◆ **COLLECTED MATERIAL**:
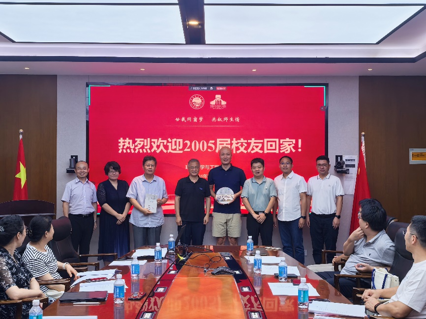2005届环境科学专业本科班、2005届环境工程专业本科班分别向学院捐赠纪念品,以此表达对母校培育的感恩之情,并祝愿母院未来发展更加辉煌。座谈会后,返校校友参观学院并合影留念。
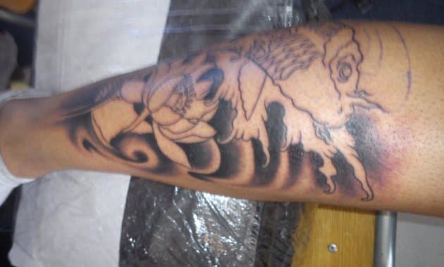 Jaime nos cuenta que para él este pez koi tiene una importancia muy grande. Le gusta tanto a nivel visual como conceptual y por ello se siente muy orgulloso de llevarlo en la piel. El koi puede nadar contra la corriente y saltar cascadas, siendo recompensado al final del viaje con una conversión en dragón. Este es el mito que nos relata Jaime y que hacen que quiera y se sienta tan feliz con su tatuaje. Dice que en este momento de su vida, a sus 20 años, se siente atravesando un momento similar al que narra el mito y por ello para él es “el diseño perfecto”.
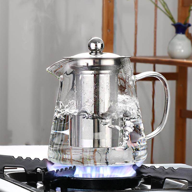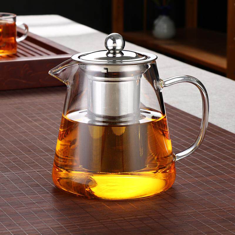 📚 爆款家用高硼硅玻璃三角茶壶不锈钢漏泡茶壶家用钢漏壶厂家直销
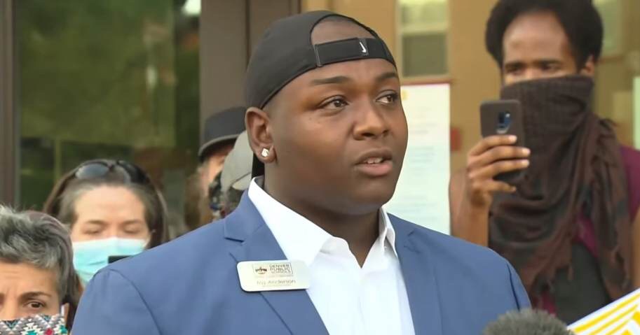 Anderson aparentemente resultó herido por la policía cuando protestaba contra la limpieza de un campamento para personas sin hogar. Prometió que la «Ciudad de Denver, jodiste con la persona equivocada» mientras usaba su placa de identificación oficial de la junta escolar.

◆ **WORK INSTRUCTION**: Pictures in the listing above must be skipped; everything else should be copied exactly.

◆ **SOLUTION TO THE PROBLEM**:
2005届环境科学专业本科班、2005届环境工程专业本科班分别向学院捐赠纪念品,以此表达对母校培育的感恩之情,并祝愿母院未来发展更加辉煌。座谈会后,返校校友参观学院并合影留念。
 Jaime nos cuenta que para él este pez koi tiene una importancia muy grande. Le gusta tanto a nivel visual como conceptual y por ello se siente muy orgulloso de llevarlo en la piel. El koi puede nadar contra la corriente y saltar cascadas, siendo recompensado al final del viaje con una conversión en dragón. Este es el mito que nos relata Jaime y que hacen que quiera y se sienta tan feliz con su tatuaje. Dice que en este momento de su vida, a sus 20 años, se siente atravesando un momento similar al que narra el mito y por ello para él es “el diseño perfecto”.
 📚 爆款家用高硼硅玻璃三角茶壶不锈钢漏泡茶壶家用钢漏壶厂家直销
 Anderson aparentemente resultó herido por la policía cuando protestaba contra la limpieza de un campamento para personas sin hogar. Prometió que la «Ciudad de Denver, jodiste con la persona equivocada» mientras usaba su placa de identificación oficial de la junta escolar.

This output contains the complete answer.